**TASK REQUIREMENTS:** From the line with "3.支給月を選択し、当月所定" to the line with "好久不見的佳芬姐,出現在南投", retype each line exactly as it stands in the records below, but skip the pictures.

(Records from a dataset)
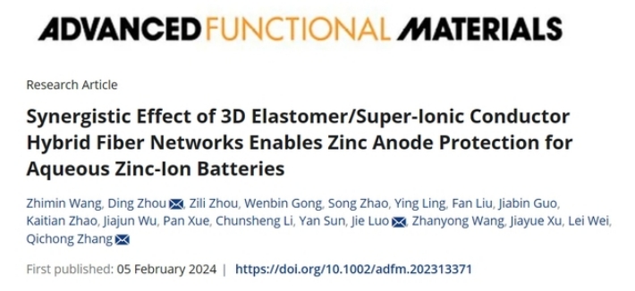 近日,我校材料科学与工程学院在电极材料保护方面取得突破,于材料领域权威期刊Advanced Functional Materials(材料科学1区Top期刊,IF=19)发表题为“Synergistic Effect of 3D Elastomer/Super-Ionic Conductor Hybrid Fiber Networks Enables Zinc Anode Protection for Aqueous Zinc-Ion Batteries”的研究论文。论文第一单位为上海应用技术大学,我校材料学院硕士研究生王智敏为论文第一作者、本科生周自力为第三作者,我校周鼎副教授、苏州纳米所张其冲研究员/罗杰博士为共同通讯作者。
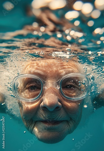 © ma, Fototapeta premium A close-up photograph of an elderly woman swimming in a pool.
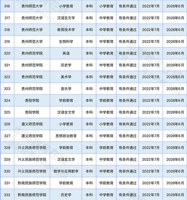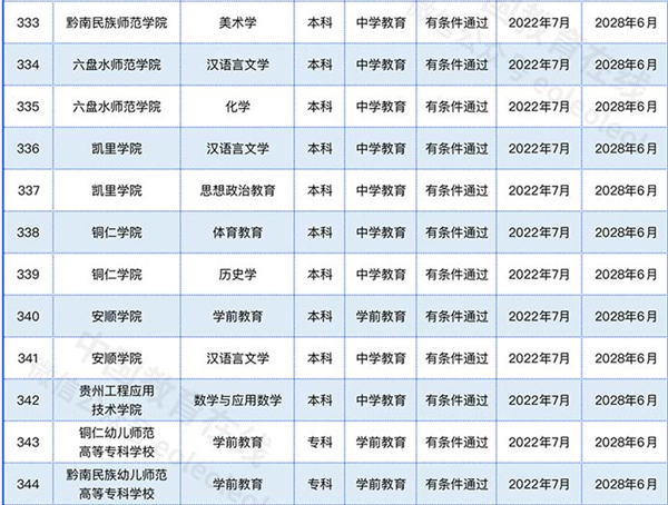 近日,教育部公布2022年通過(guò)普通高等學(xué)校師范類專業(yè)認(rèn)證專業(yè)名單及通過(guò)中期審核專業(yè)名單。其中,貴州省13所院校29個(gè)專業(yè)通過(guò)師范類專業(yè)認(rèn)證。認(rèn)證結(jié)論有效期六年,自2022年7月起至2028年6月止。
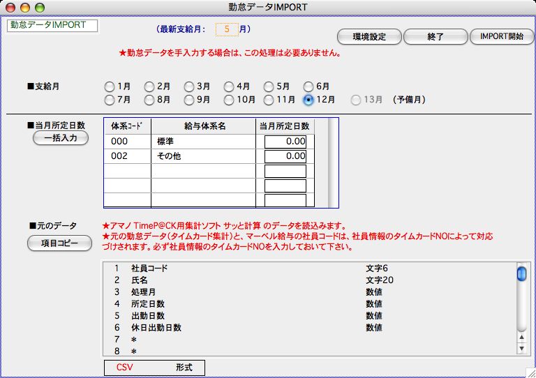 3.支給月を選択し、当月所定日数を入力します。次に、「IMPORT開始」ボタンをクリックします。
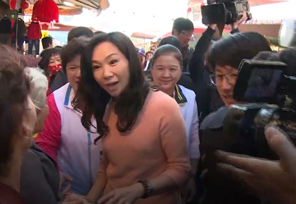 好久不見的佳芬姐,出現在南投水里菜市場,婆婆媽媽們很激動,搶著握手 開心合照,李佳芬被支持群眾包圍,現場氣氛相當熱絡,也看得出李佳芬,心情還不錯。
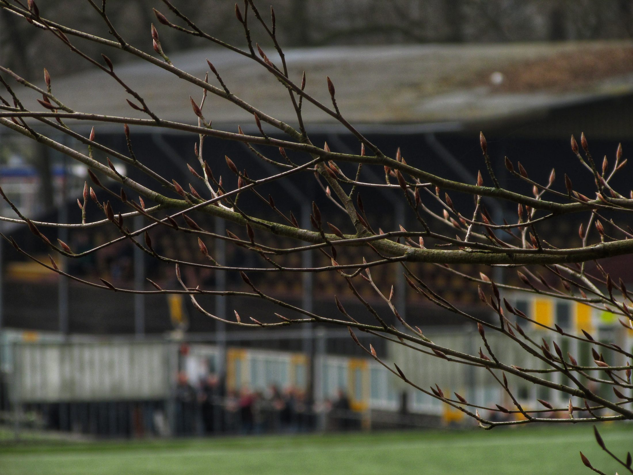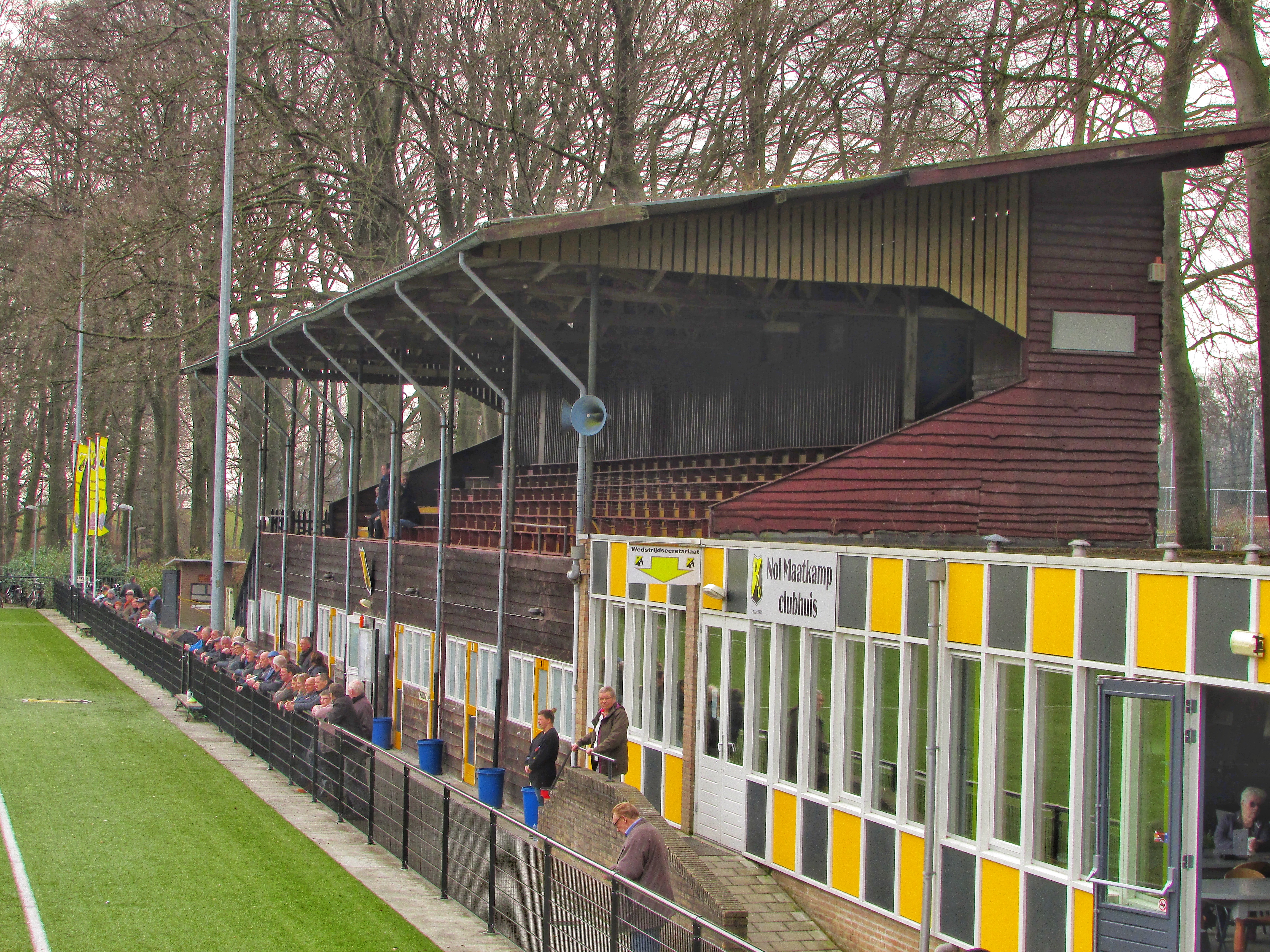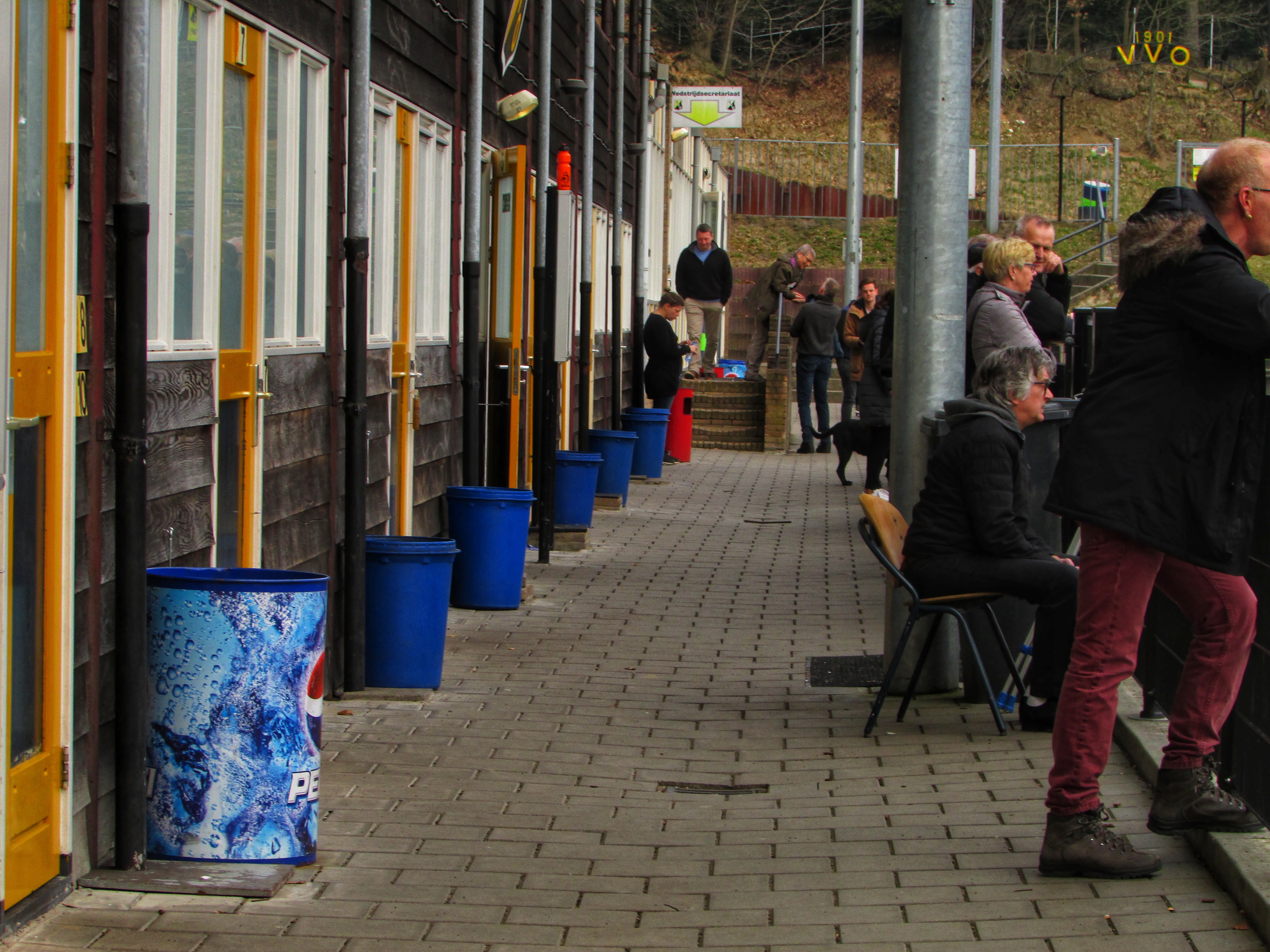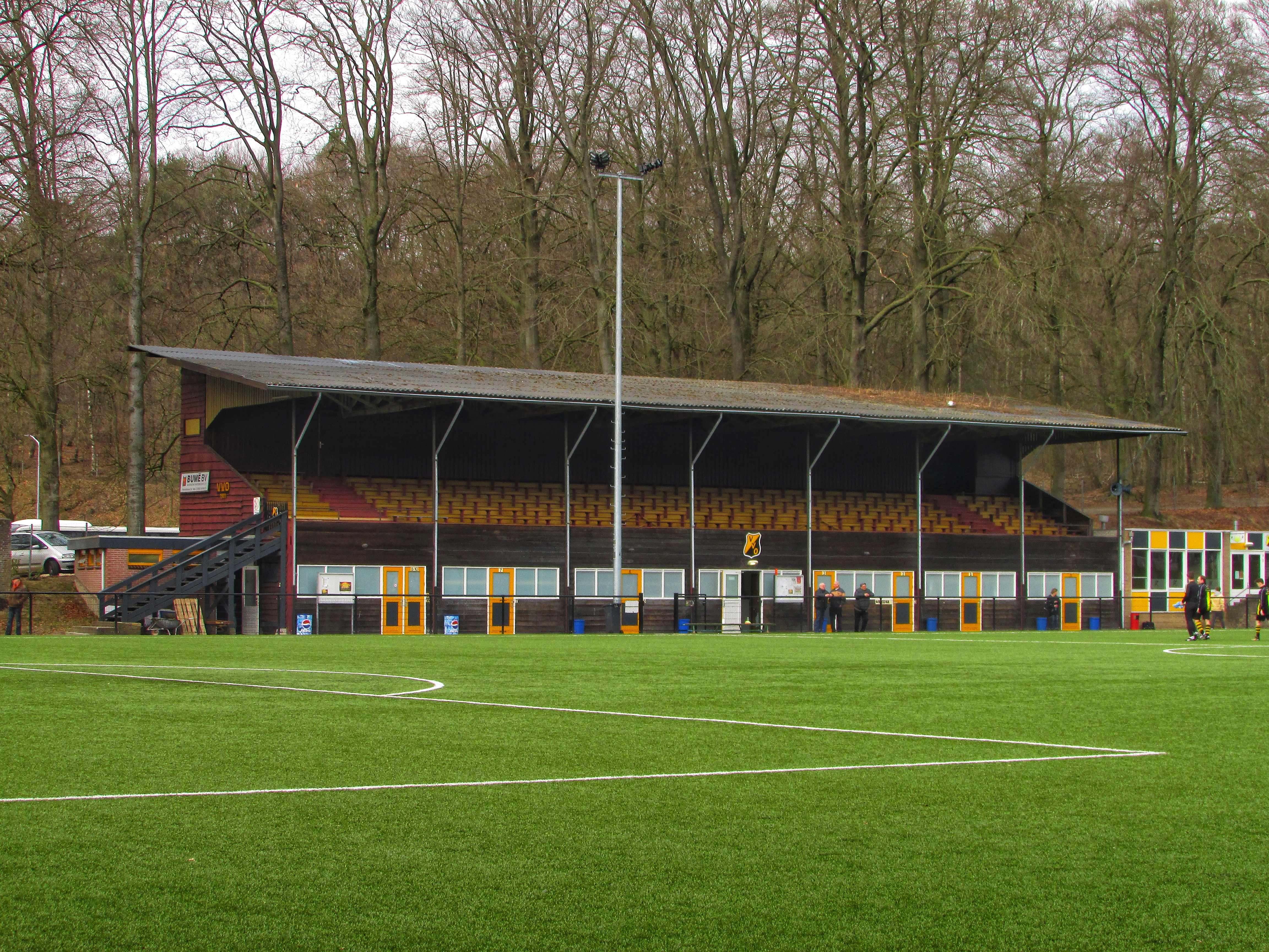 Bij binnenkomst hangt er een bordje op het tickethuisje. Het stamt nog uit het Gulden tijdperk. Direct valt de grote tribune op. De houten tribune is vrij recent gerenoveerd, maar dat hebben ze prachtig gedaan. De Pinkenberg ligt tussen een aantal heuvels in. Eén van de toeschouwers die met de uitploeg is meegereisd, vergelijkt het met de Koel van VVV. Het is niet druk vandaag, toch zonde, op een zondag waarin er geen betaald voetbal is. Pakweg 100 supporters staan er langs de lijn. En een hond, dat dan weer wel. In de moderne kantine staat wielrennen op. Mijn aandacht gaat toch vooral uit naar de prachtige tribune, maar ook naar een zeer merkwaardige wedstrijd. SV Grol, speelt vandaag tegen én met VVO. De bezoekers spelen de geel-zwarten van het kastje naar de muur, maar de bal gaat er niet in. Via een mislukte voorzet komt uiteindelijk de thuisploeg op voorsprong. De voorsprong wordt voor rust door een knappe actie van een aanvaller van VVO zelfs nog verdubbeld.

**ANSWER SPACE:**
 3.支給月を選択し、当月所定日数を入力します。次に、「IMPORT開始」ボタンをクリックします。
 好久不見的佳芬姐,出現在南投水里菜市場,婆婆媽媽們很激動,搶著握手 開心合照,李佳芬被支持群眾包圍,現場氣氛相當熱絡,也看得出李佳芬,心情還不錯。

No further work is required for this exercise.